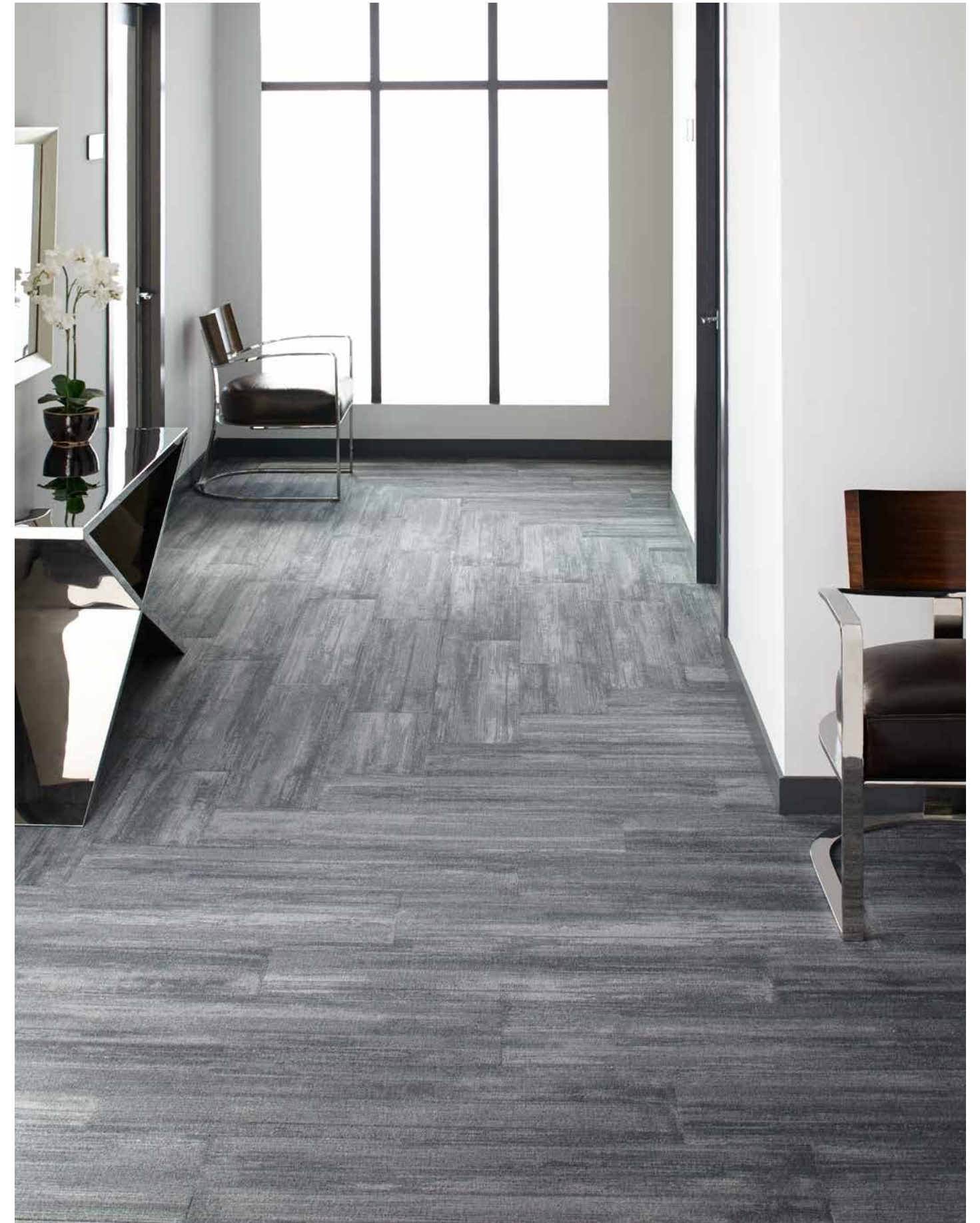
Color Field in Rune, 25cm x 1m ashlar tile installation
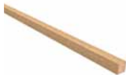
RESEGE6 (W x H x L) 1/2" x 1/2" x 6'
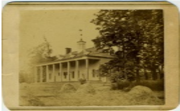
A Front View of Washington's Beloved Mt. Vernon

He also finds himself being drawn back into the controversy surrounding what the Democratic-Republicans argue was his favoritism for Britain over France. This has long been a cause celebre for men like Jefferson and Monroe, and Washington now encounters various pamphlets and messages he finds dismaying. He is particularly upset once again with Monroe, saying in a letter that he has exhibited a:
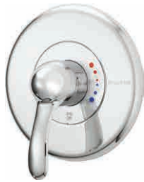
141 371 & 141 399 Shown

Deluxe chrome-plated brass faceplate and handle provide lasting performance and an attractive appearance.
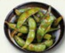
4 PITTIKE EDAMAME spicy soy beans
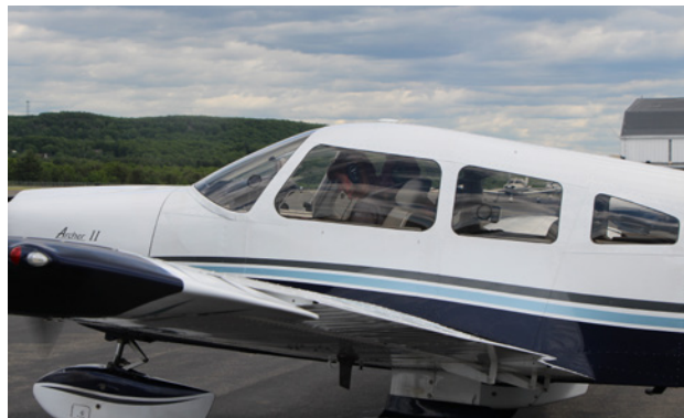
Donna Shea flew the Poker Run in a CT Flight Club plane
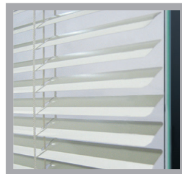
Never needs dusting and are safe for pets and children
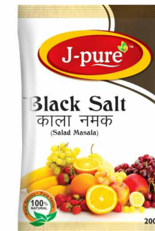
KALA NAMAK 100GM/200GM/500GM/1KG
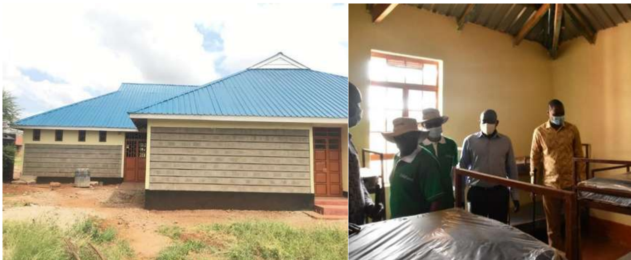
120-bed capacity Girls' dormitory
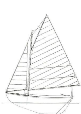
HERRESHOFF BULL'S EYE
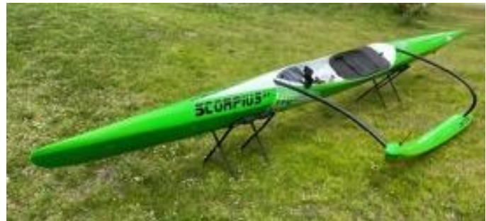
A Scopus XS OC1

The small boat program is poised to purchase two used Scopus XS OC1s. When they arrive from Vancouver, this will bring our total number of fiberglass OC1s to three. To accommodate new OC1 paddlers, we will also be on the lookout
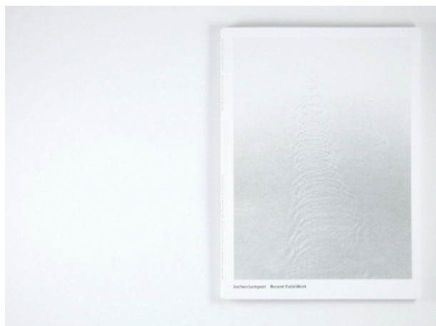
Jochen Lempert: Cover, 2009 offset, 20×27.5 cm
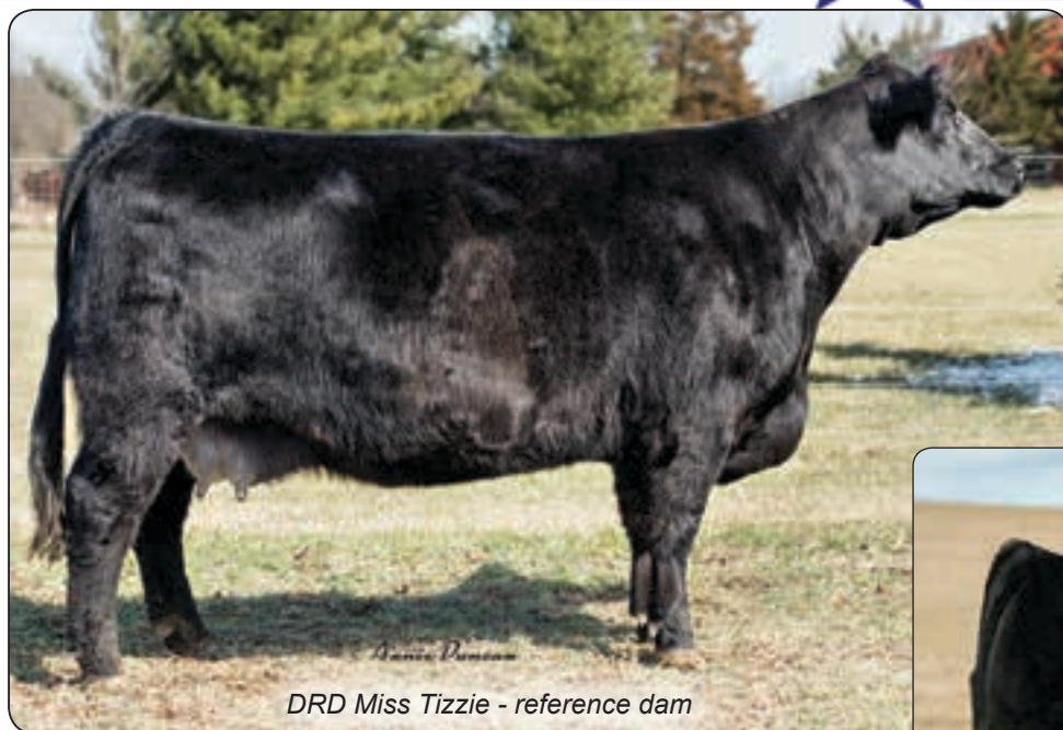
DRD Miss Tizzie - reference dam
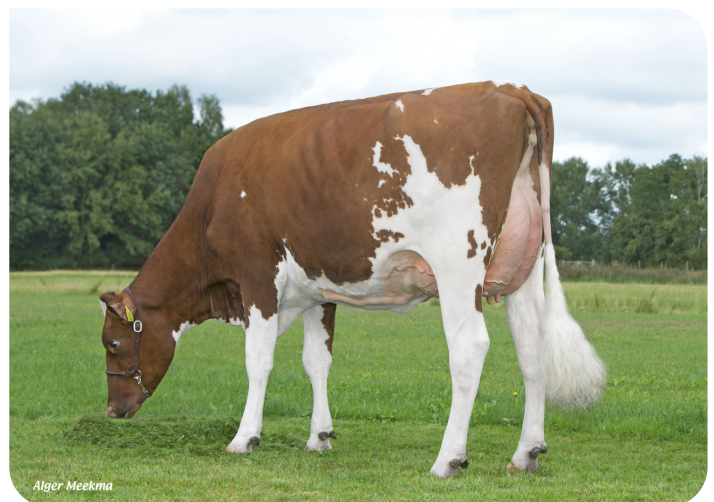
New Moore Maria 463 (VG 88) (s. Tedbull) Owner: Mts. Withaar-Prent, Nijeveen (NL)

- - -

What you return should be only the exact lines from the top of the entries through the line with "A Front View", minus the pictures.

Color Field in Rune, 25cm x 1m ashlar tile installation
RESEGE6 (W x H x L) 1/2" x 1/2" x 6'
A Front View of Washington's Beloved Mt. Vernon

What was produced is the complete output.